The lines wanted are those from the one containing "Durant le repas" to the last line of the entries below; output them exactly, leaving out pictures.

═══ Given data ═══

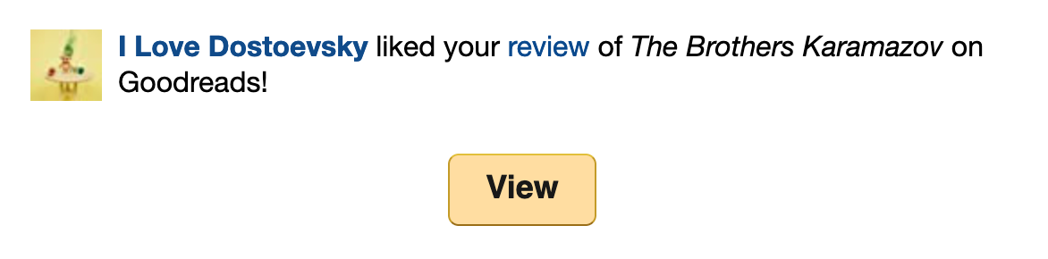This notification I received from Goodreads made me lol. Dostoevsky super fan over here. (By the way, my “review” was literally just rating the book 5 stars back in 2011.)
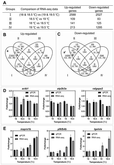 Identification of key genes associated with the spawning of females using Venn diagram. (A) The number of differentially expressed genes between groups of different temperatures (fold change ≥ 1.5 and p-value ≤ 0.05). (B) Up-regulated genes in different Venn groups to identify key genes between non-spawning and egg-spawning groups I and II (a, b, and c). (C) Down-regulated genes in different Venn groups to identify key genes between non-spawning and egg-spawning groups I and II (a’, b’ and c’). (D) Validation of RNA-seq data by qPCR for three genes from the group of up-regulated genes in groups I and II (a, b, and c). (E) Validation of RNA-seq data by qPCR for three genes from the group of down-regulated genes in groups I and II (a’, b’ and c’).
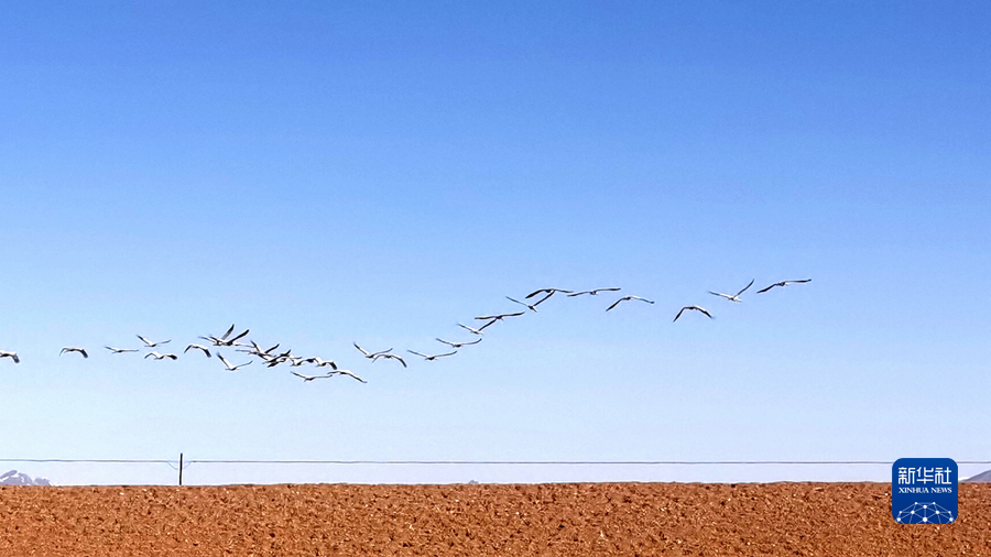 這是3月13日在三江源國家公園黃河源園區(qū)拍攝的一群蓑羽鶴。新華社記者 呂雪莉 攝
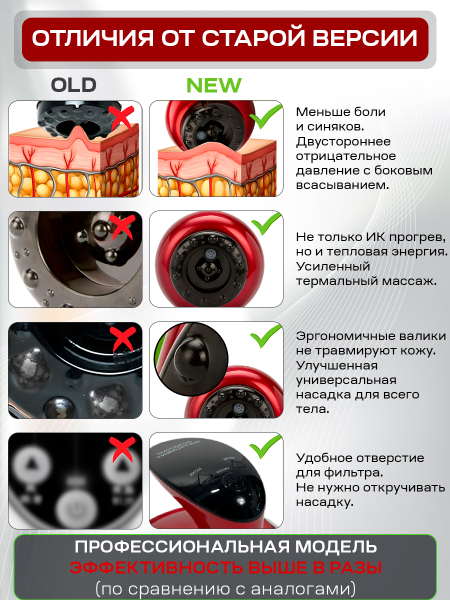 | Режимы | точечный / расслабляющий / похлопывание / антицеллюлитный |
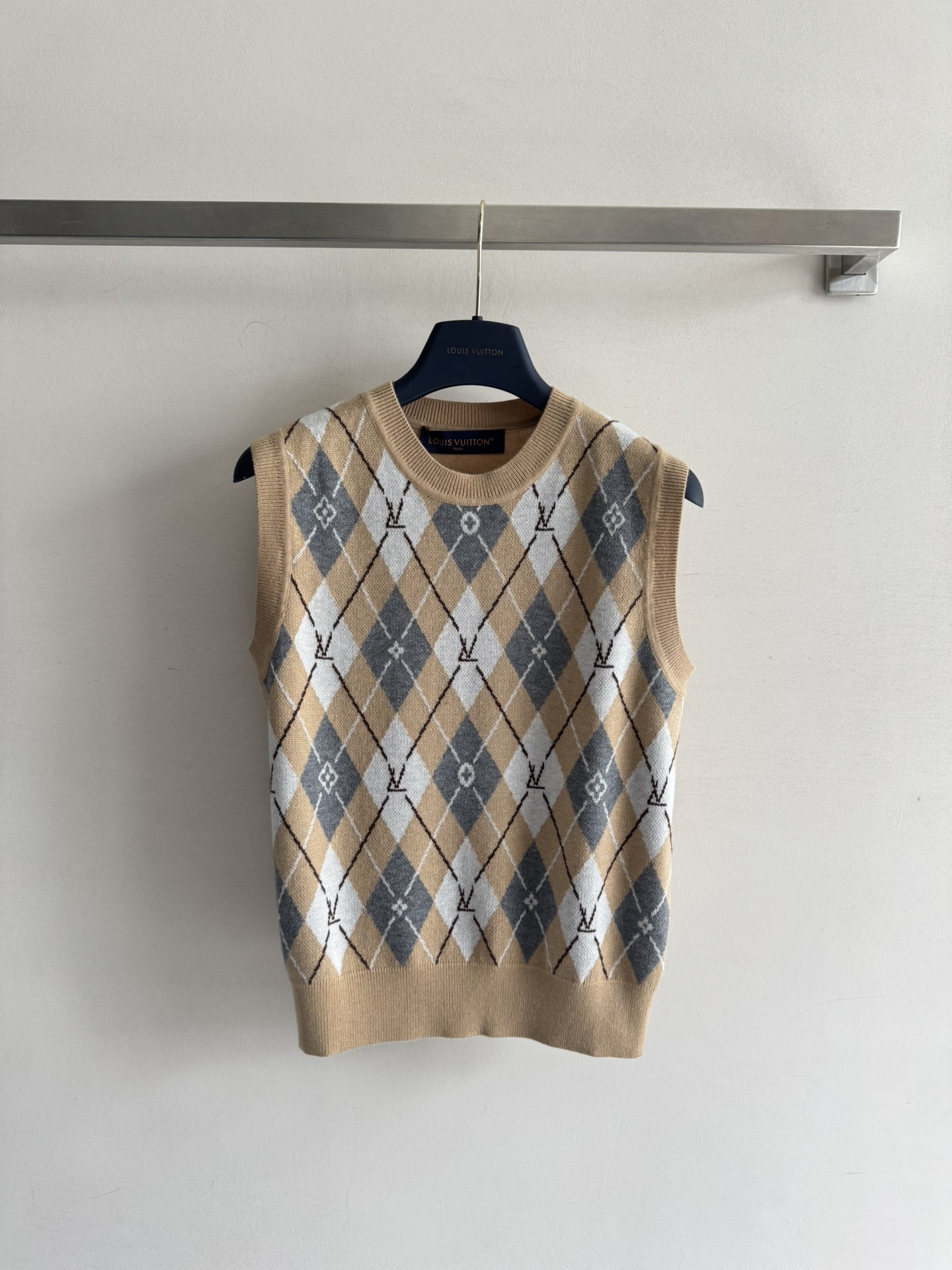 開箱即有驚喜感,配件與主體呈現一致性極高。此款 LV 精品仿製針織背心採用溫潤米杏色調與品牌經典菱格圖騰設計,展現低調中的高級質感。材質柔軟不刺膚,單穿或疊搭襯衫皆能提升造型層次感,為春秋必備人氣單品。
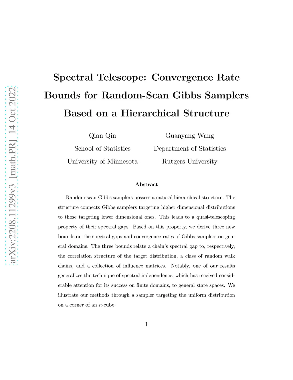 Random-scan Gibbs samplers possess a natural hierarchical structure. The structure connects Gibbs samplers targeting higher dimensional distributions to those targeting lower dimensional ones. This leads to a quasi-telescoping property of their spectral gaps. Based on this property, we derive three new bounds on the spectral gaps and convergence rates of Gibbs samplers on general domains. The three bounds relate a chain's spectral gap to, respectively, the correlation structure of the target distribution, a class of random walk chains, and a collection of influence matrices. Notably, one of our results generalizes the technique of spectral independence, which has received considerable attention for its success on finite domains, to general state spaces. We illustrate our methods through a sampler targeting the uniform distribution on a corner of an -cube.
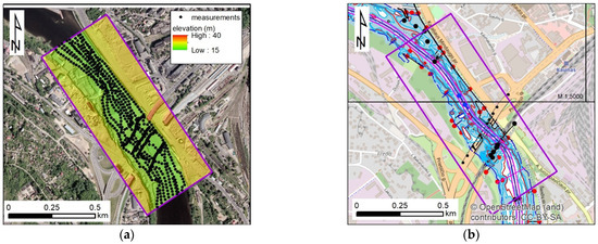 The first two types of data are used in the GIS formats. The digital terrain model of the riverbed and surrounding areas was provided by the Lithuanian company UAB”Inžinerinis projektavimas”. The DTM was prepared for the purpose of the EU Flood Directive [44] implementation in the territory of Lithuania between 2011–2012. The raster is stored in GRID format with the resolution 1 m x 1 m. The DTM covers the areas where the flood hazard and flood risk were determined in Lithuania according to the requirements of the EU Flood Directive. It encompasses all the greater rivers with their valleys including also important inundation areas. However, the part important for this research is smaller. As it is shown in Figure 3a, it consists of the riverbed under the bridge with short sections upstream and downstream, plus the banks and part of the floodplains.
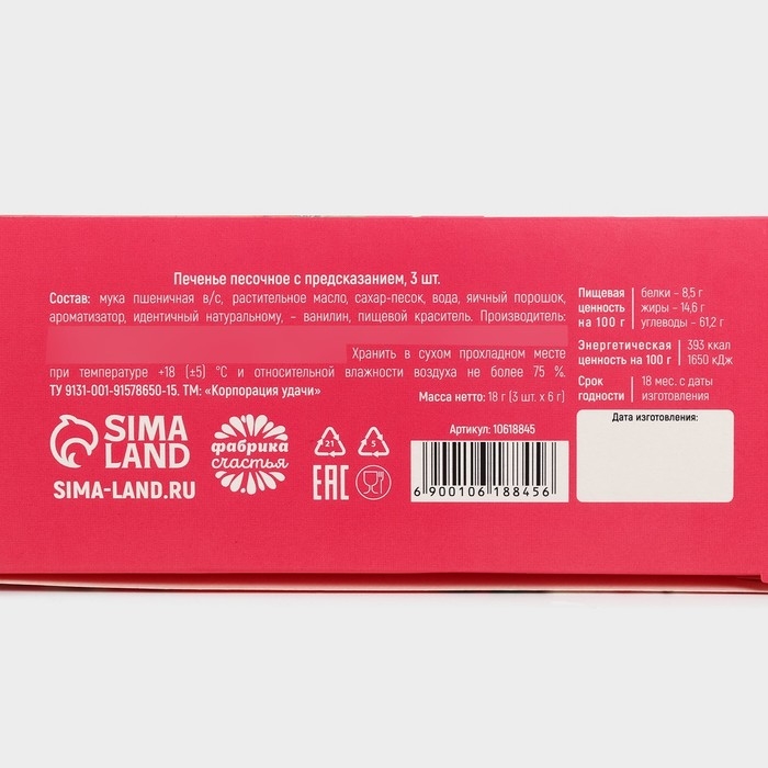 Печенье с предсказанием «Знак судьбы», 1 шт.
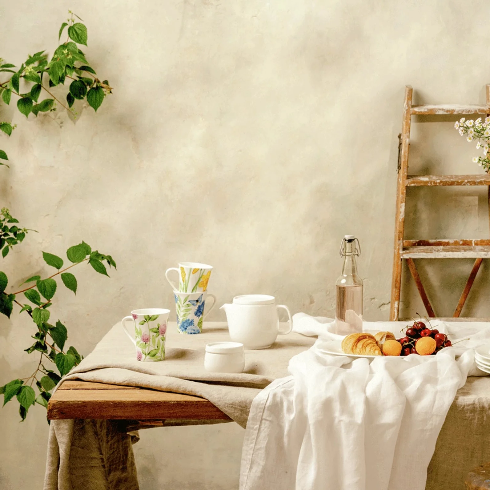 Darčeková kolekcia, v ktorej na hrnčekoch z bieleho glazovaného, jemne priesvitného, prémiového kostného porcelánu nájdete kresby v európskej prírode voľne rastúcich kvetín (ďatelina, divoký narcis, nevädza a na červeno kvitnúca veternica). Graficky rukopis je rovnaký, ako na tohtoročnej veľkonočnej kolekcii Jaro vo vzduchu, ktorú tak každý jeden hrnček pekne dopĺňa. Jednotlivé hrnčeky z kolekcie Nora Wild Flowers sú balené v darčekových papierových krabičkách.
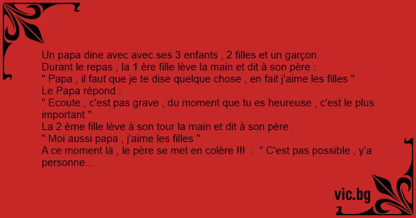 Durant le repas , la 1 ère fille lève la main et dit à son père :
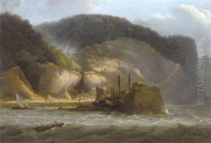 A Lugger, A Man O'war And Other Shipping Off A Rocky Coastline
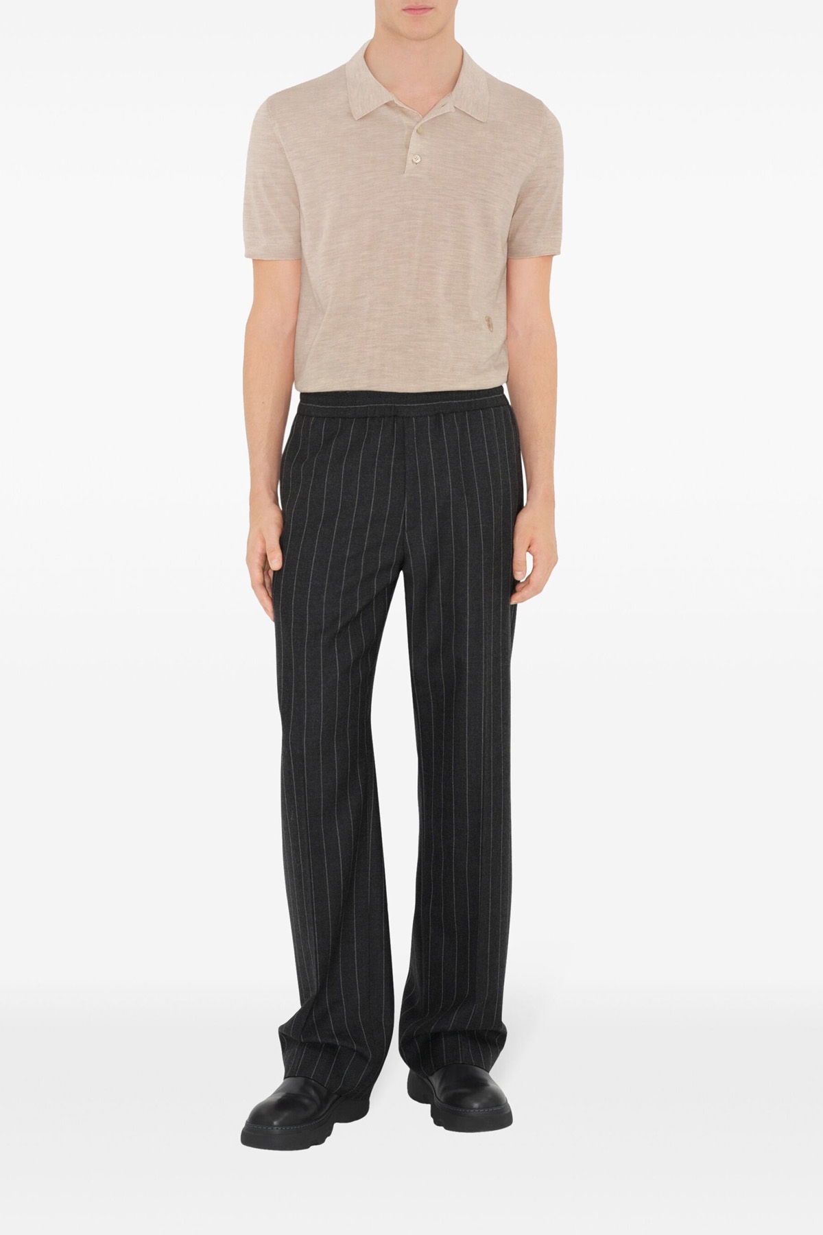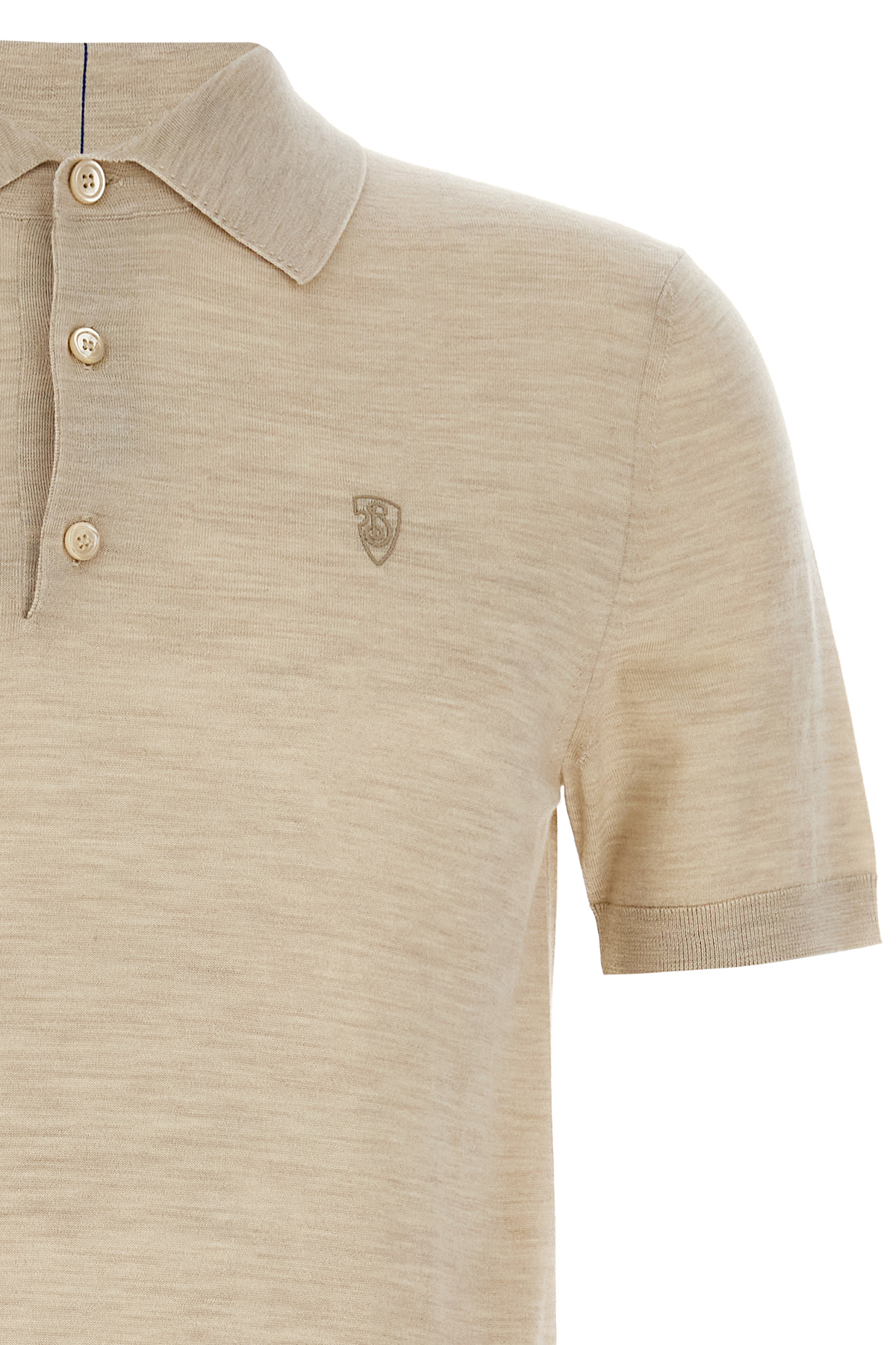 Wool polo shirt, front logo embroidery, collar and buttons, short sleeves, back detail with contrast embroidery and central split.

═══

— Task answer —
 Durant le repas , la 1 ère fille lève la main et dit à son père :
 A Lugger, A Man O'war And Other Shipping Off A Rocky Coastline
 Wool polo shirt, front logo embroidery, collar and buttons, short sleeves, back detail with contrast embroidery and central split.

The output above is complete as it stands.